Sorry, found an issue with my second patch. Getting an NPE with testOnConnect set to true. Need to revisit and see what is happening. Created attachment 30094 [details]
Third patch
Ok, so there was an issue with my second patch. When "testOnConnect" was enabled, the validation query specified times out and a connection was requested, an NPE would be thrown from "setupConnection", where "con.getHandler()" is called.
protected Connection setupConnection(PooledConnection con) throws SQLException {
//fetch previously cached interceptor proxy - one per connection
JdbcInterceptor handler = con.getHandler();
if (handler==null) {
This was because "borrowConnection", at the point below, returns null.
public Connection getConnection() throws SQLException {
//check out a connection
PooledConnection con = borrowConnection(-1,null,null);
return setupConnection(con);
}
It returned null because of the following conditions...

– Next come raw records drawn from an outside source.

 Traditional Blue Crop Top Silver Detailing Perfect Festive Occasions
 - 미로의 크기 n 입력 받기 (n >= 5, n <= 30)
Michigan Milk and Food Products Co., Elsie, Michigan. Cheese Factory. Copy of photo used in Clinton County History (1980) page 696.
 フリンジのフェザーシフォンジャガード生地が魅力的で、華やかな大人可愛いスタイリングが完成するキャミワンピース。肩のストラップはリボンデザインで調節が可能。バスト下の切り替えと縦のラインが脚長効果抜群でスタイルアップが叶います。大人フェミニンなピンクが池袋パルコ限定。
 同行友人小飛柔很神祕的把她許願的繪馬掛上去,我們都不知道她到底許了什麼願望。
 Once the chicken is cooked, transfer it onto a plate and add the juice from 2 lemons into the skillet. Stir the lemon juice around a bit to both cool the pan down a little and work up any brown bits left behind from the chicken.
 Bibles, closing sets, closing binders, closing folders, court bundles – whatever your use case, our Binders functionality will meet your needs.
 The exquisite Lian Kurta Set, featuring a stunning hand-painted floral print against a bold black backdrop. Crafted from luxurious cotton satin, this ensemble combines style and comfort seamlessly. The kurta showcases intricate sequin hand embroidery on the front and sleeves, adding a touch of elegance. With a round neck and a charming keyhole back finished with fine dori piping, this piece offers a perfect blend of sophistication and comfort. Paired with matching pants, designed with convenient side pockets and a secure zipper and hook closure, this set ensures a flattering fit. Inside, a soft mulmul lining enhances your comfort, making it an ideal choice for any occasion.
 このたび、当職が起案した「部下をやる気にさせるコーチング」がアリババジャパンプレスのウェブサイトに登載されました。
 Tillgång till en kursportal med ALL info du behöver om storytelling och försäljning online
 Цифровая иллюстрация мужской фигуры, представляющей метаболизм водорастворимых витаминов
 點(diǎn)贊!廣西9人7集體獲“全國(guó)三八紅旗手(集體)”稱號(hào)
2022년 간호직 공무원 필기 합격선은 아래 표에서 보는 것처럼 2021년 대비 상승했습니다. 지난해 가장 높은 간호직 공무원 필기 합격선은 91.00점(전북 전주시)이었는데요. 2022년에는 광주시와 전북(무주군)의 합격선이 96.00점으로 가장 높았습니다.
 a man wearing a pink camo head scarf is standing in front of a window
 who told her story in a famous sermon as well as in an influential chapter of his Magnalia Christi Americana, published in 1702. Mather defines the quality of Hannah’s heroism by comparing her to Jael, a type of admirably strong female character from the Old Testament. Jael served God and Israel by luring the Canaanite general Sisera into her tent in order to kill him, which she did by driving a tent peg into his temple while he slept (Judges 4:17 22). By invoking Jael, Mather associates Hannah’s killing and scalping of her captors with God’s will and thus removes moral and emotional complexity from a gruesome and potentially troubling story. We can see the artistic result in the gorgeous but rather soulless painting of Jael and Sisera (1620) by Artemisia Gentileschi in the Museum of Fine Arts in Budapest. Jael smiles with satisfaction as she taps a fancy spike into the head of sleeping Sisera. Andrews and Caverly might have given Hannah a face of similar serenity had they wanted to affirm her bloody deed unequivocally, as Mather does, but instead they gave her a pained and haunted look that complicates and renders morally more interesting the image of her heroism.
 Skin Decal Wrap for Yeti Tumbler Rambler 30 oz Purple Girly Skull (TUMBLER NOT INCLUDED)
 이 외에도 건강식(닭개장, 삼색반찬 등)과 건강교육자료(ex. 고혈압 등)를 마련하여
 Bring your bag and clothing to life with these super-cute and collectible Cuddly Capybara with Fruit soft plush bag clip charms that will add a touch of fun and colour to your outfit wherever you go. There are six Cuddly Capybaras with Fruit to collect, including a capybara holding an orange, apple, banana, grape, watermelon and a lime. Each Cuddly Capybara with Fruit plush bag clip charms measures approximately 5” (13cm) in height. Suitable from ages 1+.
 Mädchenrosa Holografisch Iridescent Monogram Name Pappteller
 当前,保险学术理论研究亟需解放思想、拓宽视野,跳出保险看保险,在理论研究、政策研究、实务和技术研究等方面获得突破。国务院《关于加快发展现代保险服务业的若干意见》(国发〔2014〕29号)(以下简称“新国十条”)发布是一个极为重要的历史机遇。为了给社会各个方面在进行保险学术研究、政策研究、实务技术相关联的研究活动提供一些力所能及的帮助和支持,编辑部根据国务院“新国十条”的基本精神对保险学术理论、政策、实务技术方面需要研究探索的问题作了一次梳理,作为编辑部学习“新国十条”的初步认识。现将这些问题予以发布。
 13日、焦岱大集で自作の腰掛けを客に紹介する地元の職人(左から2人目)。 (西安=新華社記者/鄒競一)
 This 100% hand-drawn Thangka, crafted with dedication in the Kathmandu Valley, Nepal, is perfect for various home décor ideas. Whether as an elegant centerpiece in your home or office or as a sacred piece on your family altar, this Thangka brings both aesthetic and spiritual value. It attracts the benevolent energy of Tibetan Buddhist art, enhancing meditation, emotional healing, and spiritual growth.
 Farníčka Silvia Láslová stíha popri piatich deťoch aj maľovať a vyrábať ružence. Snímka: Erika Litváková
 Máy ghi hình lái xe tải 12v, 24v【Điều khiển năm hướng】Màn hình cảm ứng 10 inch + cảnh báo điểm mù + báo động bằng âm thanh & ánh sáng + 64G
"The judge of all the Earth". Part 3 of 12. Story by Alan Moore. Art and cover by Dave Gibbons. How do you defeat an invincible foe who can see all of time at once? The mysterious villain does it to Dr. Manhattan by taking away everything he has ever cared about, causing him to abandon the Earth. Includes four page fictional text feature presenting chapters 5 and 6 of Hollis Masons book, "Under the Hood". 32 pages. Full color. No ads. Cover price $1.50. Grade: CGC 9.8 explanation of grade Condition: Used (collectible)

- there are no available connections
- "borrowConnection(..)" tries to create one by calling "createConnection(..)"
- because "testOnConnect" is true, "createConnection(..)" will call "con.validate(..)" and the validation query will run
- because we use a slow query and set a low validation query timeout, the validation query is interrupted
- "con.validate(..)" returns false
- this causes "createConnection(..)" to clean up and return null
- "borrowConnection(..)" returns what was returned by "createConnection(..)", which is null
- the null then slips through to "setupConnection(con)" and causes the NPE.
I fixed this by throwing an SQLException in "createConnection(..)" when "con.validate(..)" returns false. This causes "createConnection(..)" to clean up and then re-throw the SQLException. This exception bubbles up to the user's code alerting them that the pool cannot create any new connections because the validation query fails.
A very similar situation happens if the validation query is invalid, such as "SELECT". This fixes both conditions. Unit tests included in the latest patch.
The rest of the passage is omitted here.